EXERCISE INSTRUCTIONS >> The entries are to be output word for word, with the pictures omitted.

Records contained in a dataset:
---
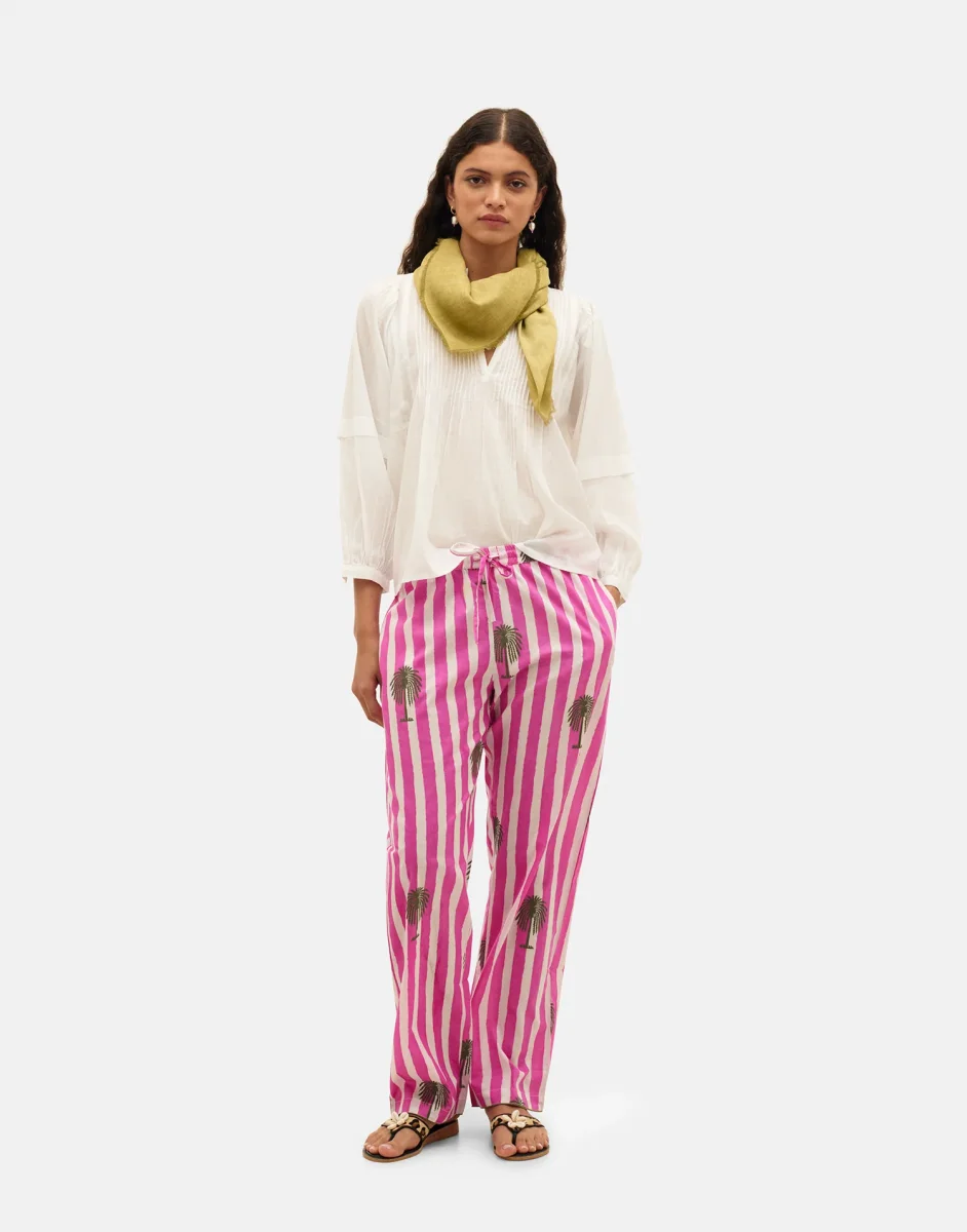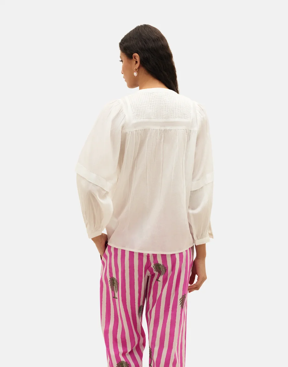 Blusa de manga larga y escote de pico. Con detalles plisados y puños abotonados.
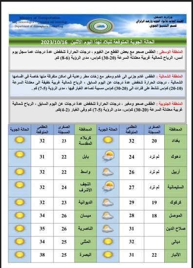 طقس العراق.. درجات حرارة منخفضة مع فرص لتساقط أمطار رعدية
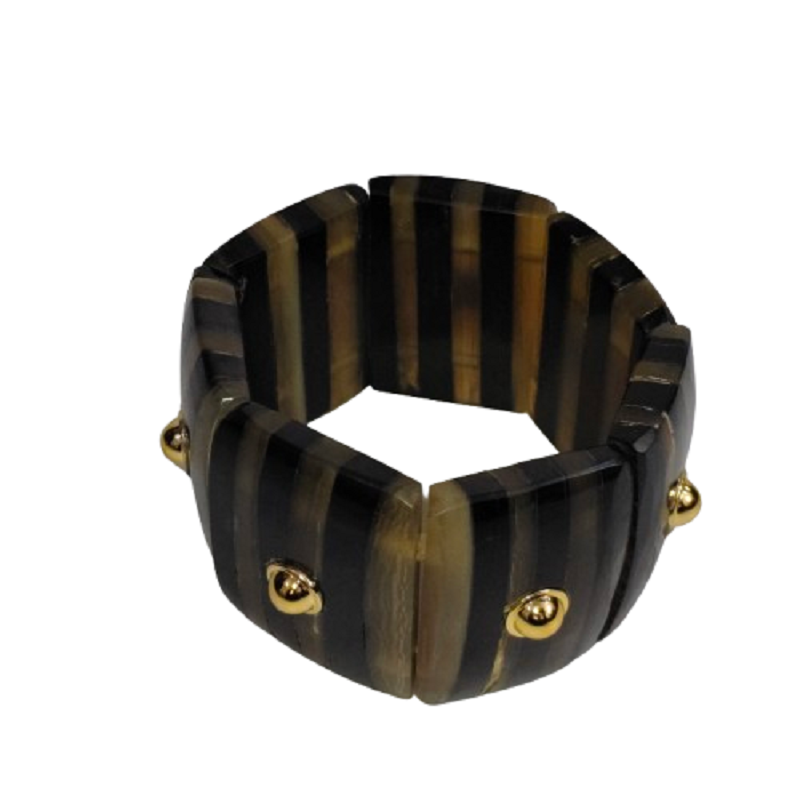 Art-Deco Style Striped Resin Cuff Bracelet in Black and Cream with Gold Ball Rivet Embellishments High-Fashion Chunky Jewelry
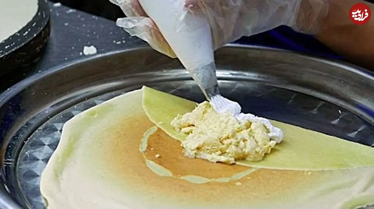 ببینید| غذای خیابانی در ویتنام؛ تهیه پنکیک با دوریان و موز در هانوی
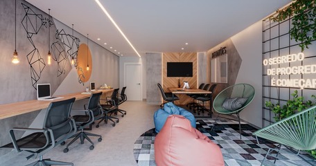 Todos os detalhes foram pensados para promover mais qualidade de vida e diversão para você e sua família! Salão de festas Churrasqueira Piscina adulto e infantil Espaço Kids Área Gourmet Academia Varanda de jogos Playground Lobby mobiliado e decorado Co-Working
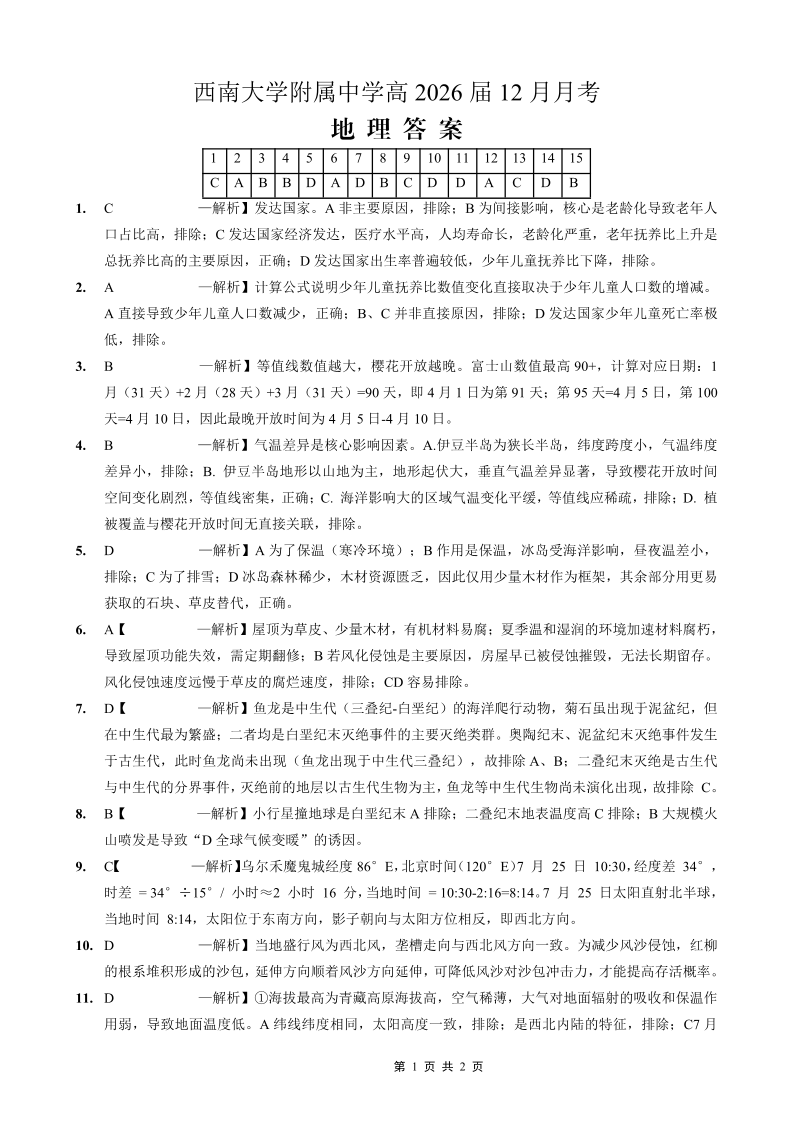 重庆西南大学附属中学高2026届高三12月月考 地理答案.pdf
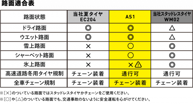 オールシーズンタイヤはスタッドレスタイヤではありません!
---
SOLUTION TO THIS PROBLEM >>
 Blusa de manga larga y escote de pico. Con detalles plisados y puños abotonados.
 طقس العراق.. درجات حرارة منخفضة مع فرص لتساقط أمطار رعدية
 Art-Deco Style Striped Resin Cuff Bracelet in Black and Cream with Gold Ball Rivet Embellishments High-Fashion Chunky Jewelry
 ببینید| غذای خیابانی در ویتنام؛ تهیه پنکیک با دوریان و موز در هانوی
 Todos os detalhes foram pensados para promover mais qualidade de vida e diversão para você e sua família! Salão de festas Churrasqueira Piscina adulto e infantil Espaço Kids Área Gourmet Academia Varanda de jogos Playground Lobby mobiliado e decorado Co-Working
 重庆西南大学附属中学高2026届高三12月月考 地理答案.pdf
 オールシーズンタイヤはスタッドレスタイヤではありません!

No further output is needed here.